# NanoSplicer
A program for accurately identifying splice junctions using Oxford Nanopore sequencing data.
## Keywords:
Oxford Nanopore sequencing, Transcriptomics, Splice junctions
# Overview
NanoSplicer utilises the raw ouput from nanopore sequencing (measures of electrical current commonly known as squiggles) to improve the identification of splice junctions. Instead of identifying splice junctions by mapping basecalled reads, nanosplicer compares the squiggle from a read with the predicted squiggles of potential splice junctions to identify the best match and likely junction. Mapped nanopore reads are still required in order to identify the presence of splice junctions for downstream NanoSplicer analysis. See [You et al. (2021)][NanoSplicer-bioRxiv] for more description of the method.
The program contains 3 modules `JWR_checker.py`, `JWR_subset.py` and `NanoSplicer.py`, which need to be run in order to get the final result. The first and third modules are required. `JWR_subset.py` is optional but recommended and will significantly decrease the run time of `NanoSplicer.py`.
Some example input files can be found at `example/` to run all of the modules below. Example code is also available at `example/script.sh` (see `examples/README.md` for the expected output).
`JWR_checker.py`: Find junctions within reads (JWRs) from a spliced mapping result (BAM).
`JWR_subset.py`: Subset the result from JWR_checker.
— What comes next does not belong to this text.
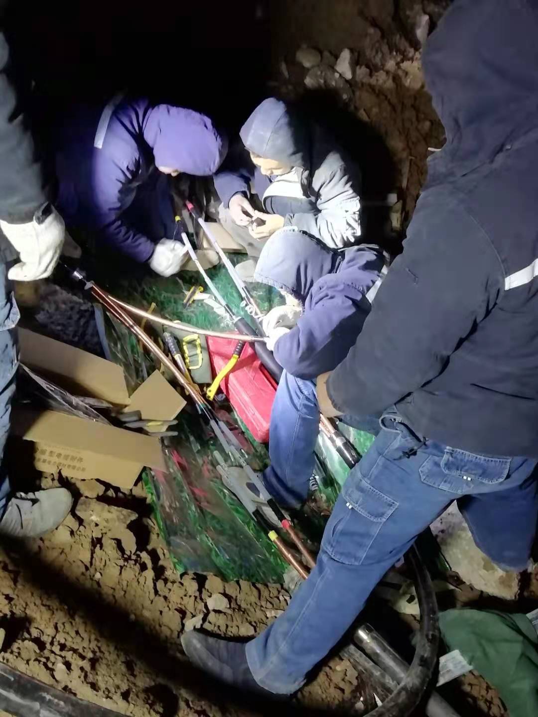 據(jù)介紹,1月14日14時許,該處因施工造成電力電纜破壞,蓮花路中段大面積停電, 國網(wǎng)周口供電公司搶修人員在接到消息后立即進行搶修,于當晚恢復正常供電。1月15日 18時許,該處相隔不遠的10千伏富7板蓮花路線遭到破壞,導致附近950余戶用戶停電。 接到搶修任務后,國網(wǎng)周口供電公司組織搶修車輛、搶修人員及時到達現(xiàn)場,因地下污 水管道同時遭到破壞斷裂,電纜被泡在污水池內,搶修工作受到影響。在克服夜間作業(yè) 光線差、難度大等問題后,搶修人員經(jīng)多方努力于1月16日凌晨對停電影響用戶恢復供電 。

Based on our performance assessment, JWRs with high junction alignment quality (JAQ) are usually accurately mapped to their respective splice junctions. This module filters JWRs based on their JAQ, allowing selection of JWRs with lower JAQs that will most benefit from anlaysis with the NanoSplicer module. By default, `JWR_subset.py` selects JWRs with a junction alignment quality of less than 0.95.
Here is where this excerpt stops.